DATA FOR THE TASK:
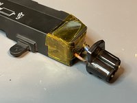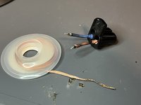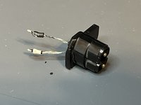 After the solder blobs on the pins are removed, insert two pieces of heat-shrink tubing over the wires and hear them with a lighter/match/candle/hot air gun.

==

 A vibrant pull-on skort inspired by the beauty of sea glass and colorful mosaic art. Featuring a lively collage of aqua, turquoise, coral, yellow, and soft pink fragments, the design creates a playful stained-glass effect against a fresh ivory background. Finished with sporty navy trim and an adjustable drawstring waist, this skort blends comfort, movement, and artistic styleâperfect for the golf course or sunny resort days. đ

* * *

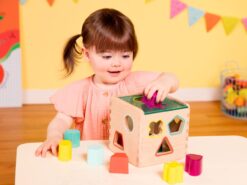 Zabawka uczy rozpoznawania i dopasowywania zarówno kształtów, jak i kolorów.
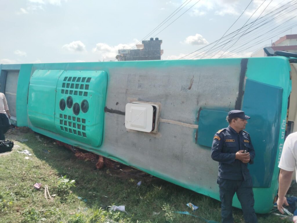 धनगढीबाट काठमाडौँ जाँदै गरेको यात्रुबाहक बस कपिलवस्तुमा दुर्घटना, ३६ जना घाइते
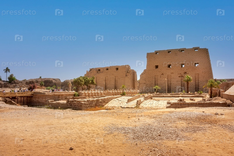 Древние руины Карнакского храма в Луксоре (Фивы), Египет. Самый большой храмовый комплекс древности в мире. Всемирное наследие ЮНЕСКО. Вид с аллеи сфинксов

WHAT IS NEEDED:
Please output the lines above beginning at the line with "धनगढीबाट काठमाडौँ जाँदै" and ending after the line with "Древние руины Карнакского", precisely as written and with no pictures.

TASK RESPONSE:
 धनगढीबाट काठमाडौँ जाँदै गरेको यात्रुबाहक बस कपिलवस्तुमा दुर्घटना, ३६ जना घाइते
 Древние руины Карнакского храма в Луксоре (Фивы), Египет. Самый большой храмовый комплекс древности в мире. Всемирное наследие ЮНЕСКО. Вид с аллеи сфинксов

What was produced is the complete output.